Microsoft today released an updated version of its DeepSpeed library that introduces a new approach to training AI models containing trillions of parameters, the variables internal to the model that inform its predictions. The company claims the technique, dubbed 3D parallelism, adapts to the varying needs of workload requirements to power extremely large models while balancing scaling efficiency.
Single massive AI models with billions of parameters have achieved great strides in a range of challenging domains. Studies show they perform well because they can absorb the nuances of language, grammar, knowledge, concepts, and context, enabling them to summarize speeches, moderate content in live gaming chats, parse complex legal documents, and even generate code from scouring GitHub. But training the models requires enormous computational resources. According to a 2018 OpenAI analysis, from 2012 to 2018, the amount of compute used in the largest AI training runs grew more than 300,000 times with a 3.5-month doubling time, far exceeding the pace of Moore’s law.
The enhanced DeepSpeed leverages three techniques to enable “trillion-scale” model training: data parallel training, model parallel training, and pipeline parallel training. Training a trillion-parameter model would require the combined memory of at least 400 Nvidia A100 GPUs (which have 40GB of memory each), and Microsoft estimates it would take 4,000 A100s running at 50% efficiency about 100 days to complete the training. That is no match for the AI supercomputer Microsoft co-designed with OpenAI, which contains over 10,000 graphics cards, but attaining high computing efficiency tends to be difficult at that scale.
DeepSpeed divides large models into smaller components (layers) among four pipeline stages. Layers within each pipeline stage are further partitioned among four “workers,” which perform the actual training. Each pipeline is replicated across two data-parallel instances and the workers are mapped to multi-GPU systems. Thanks to these and other performance improvements, Microsoft says a trillion-parameter model could be scaled across as few as 800 Nvidia V100 GPUs.
The latest release of DeepSpeed also ships with ZeRO-Offload, a technology that exploits computational and memory resources on both GPUs and their host CPUs to allow training up to 13-billion-parameter models on a single V100. Microsoft claims that is 10 times larger than the state-of-the-art, making training accessible to data scientists with fewer computing resources.
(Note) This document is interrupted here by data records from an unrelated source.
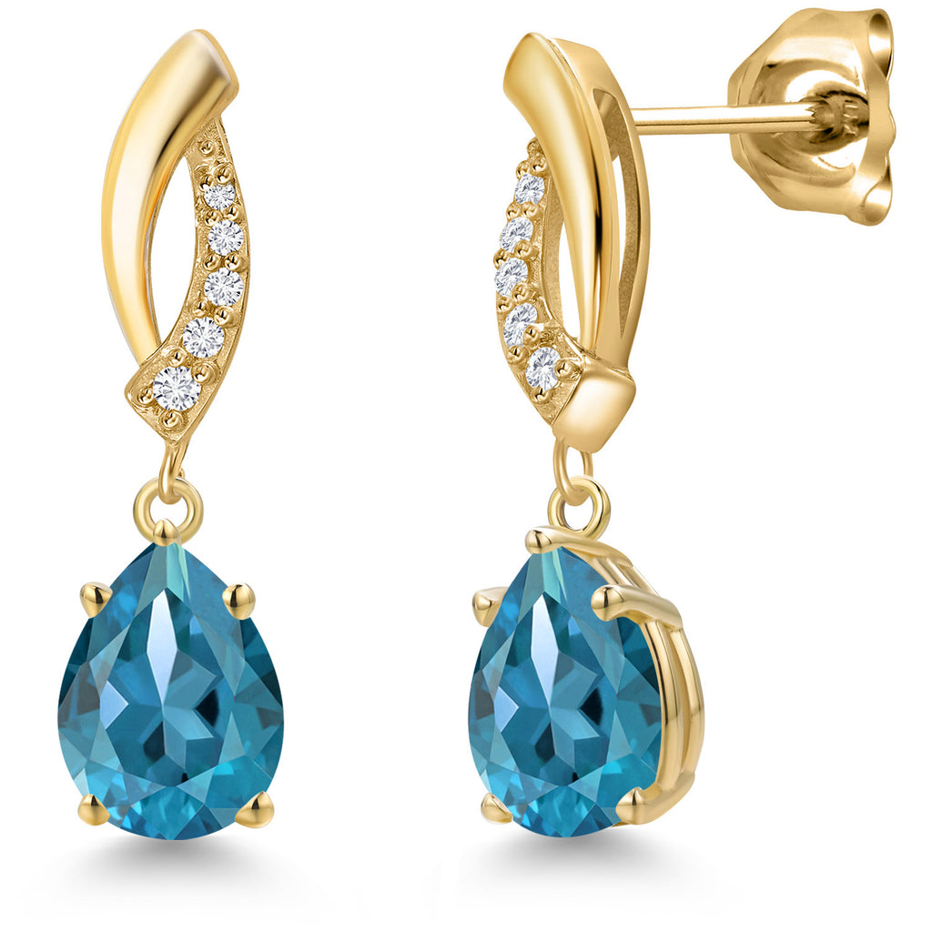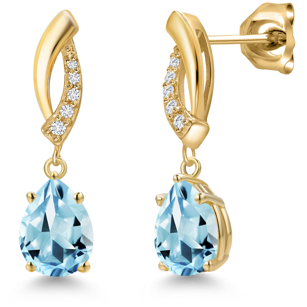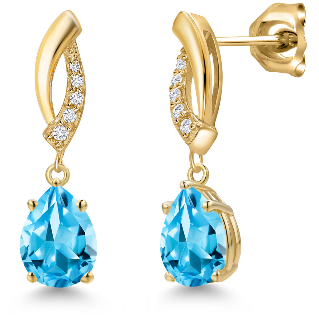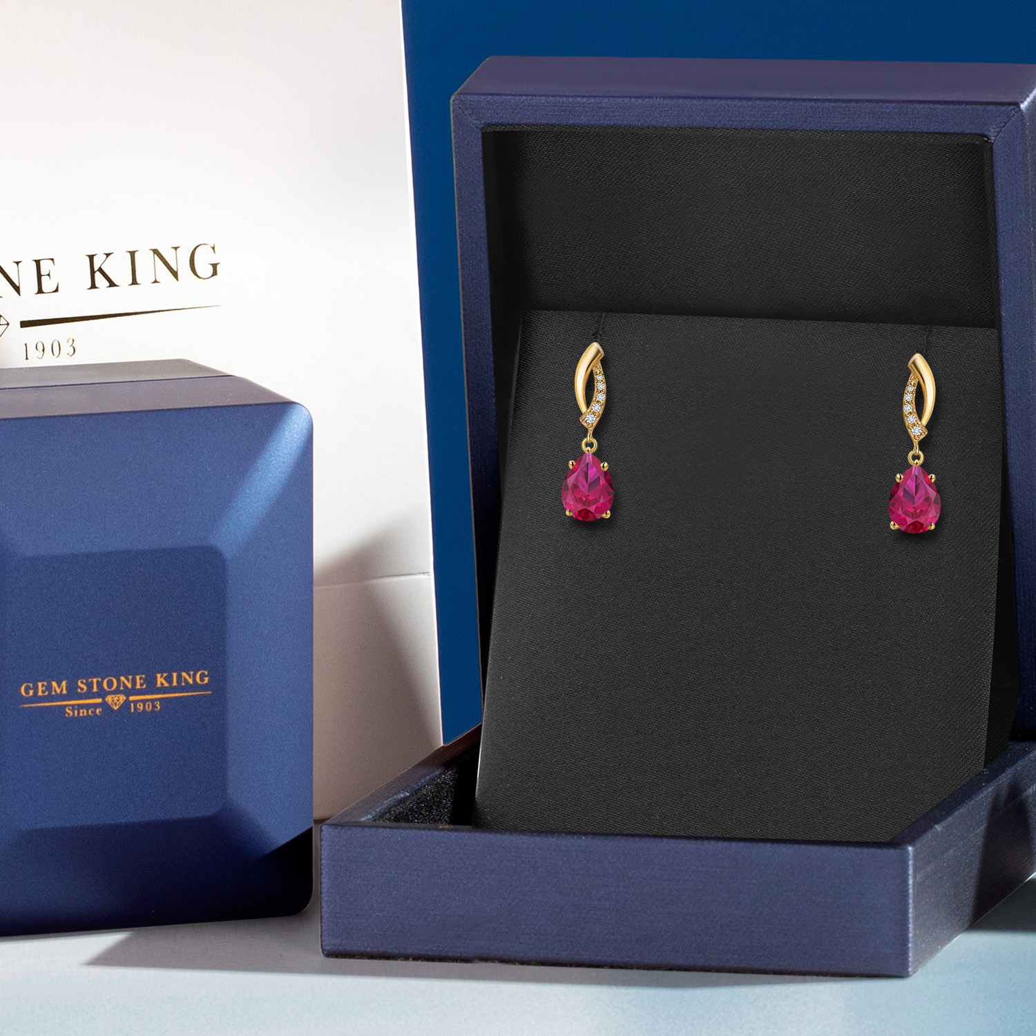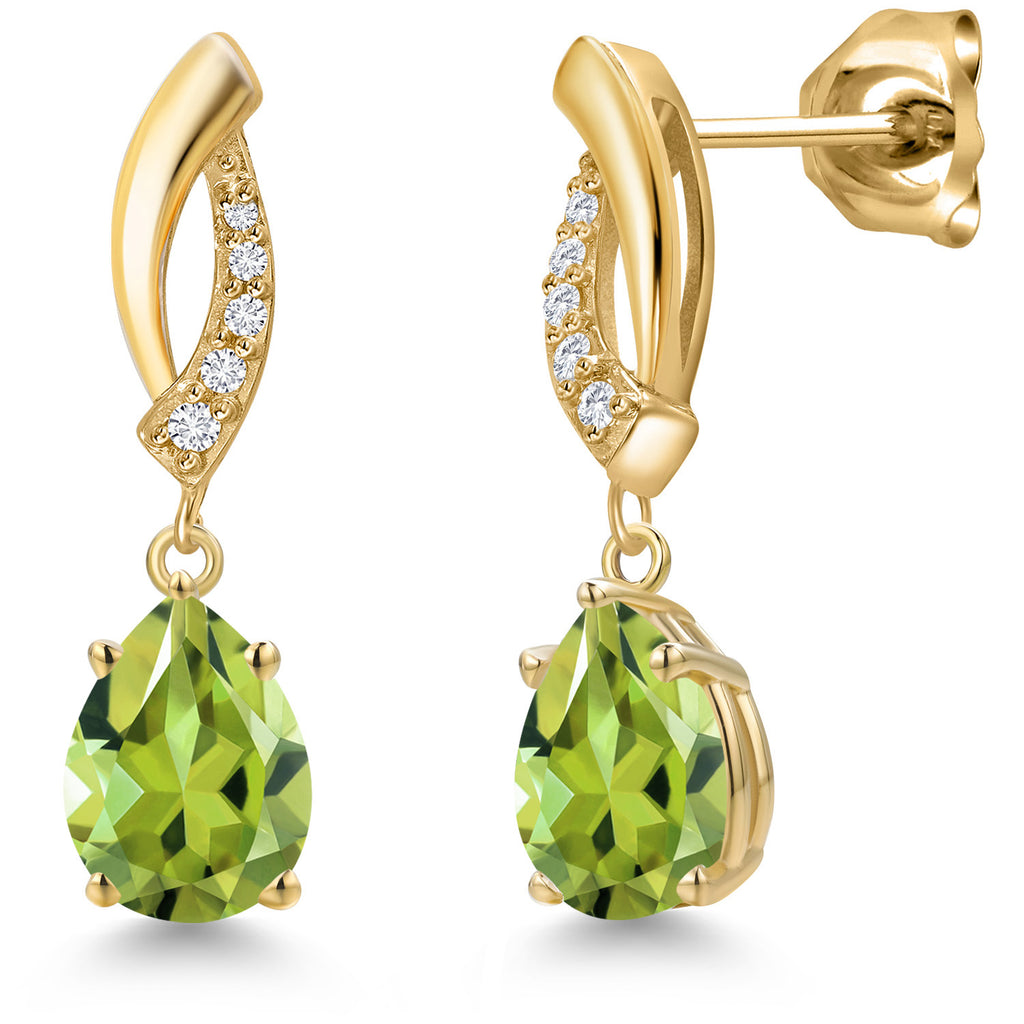 ELEGANT INFINITY DESIGN: These 10K yellow gold dangle earrings feature a timeless infinity motif, beautifully accentuated with 8X6MM pear-shaped gemstone birthstones and sparkling White Lab Grown Diamonds, creating a sophisticated and graceful look.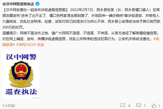 2022年2月7日,西鄉(xiāng)縣張某(女,西鄉(xiāng)縣堰口鎮(zhèn)人)在其朋友圈發(fā)布“進(jìn)來(lái)了出不去了、堰口到肖家灣全部封路了、外地回來(lái)一確診病例”等涉疫謠言,并被他人大量轉(zhuǎn)發(fā),擾亂社會(huì)秩序。經(jīng)查,該張對(duì)自己的違法行為供認(rèn)不諱,西鄉(xiāng)縣公安局依法給予其行政罰款200元的處罰。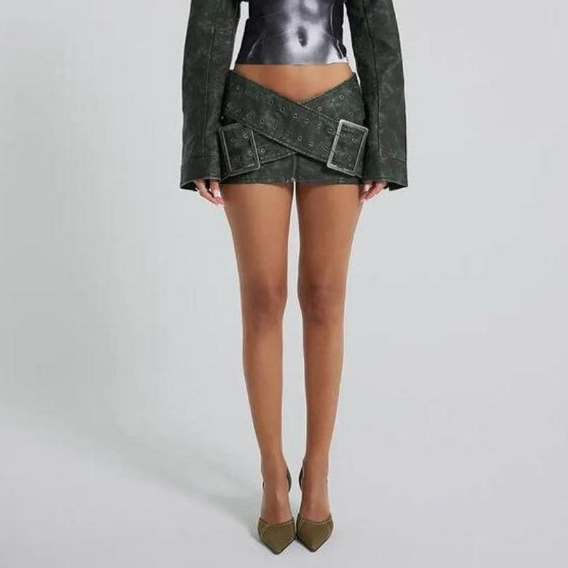 Cyberpunk Y2K Faux Leather Wrap-Around Micro Mini Skirt with Belt

“These [new techniques in DeepSpeed] offer extreme compute, memory, and communication efficiency, and they power model training with billions to trillions of parameters,” Microsoft wrote in a blog post. “The technologies also allow for extremely long input sequences and power on hardware systems with a single GPU, high-end clusters with thousands of GPUs, or low-end clusters with very slow ethernet networks … We [continue] to innovate at a fast rate, pushing the boundaries of speed and scale for deep learning training.”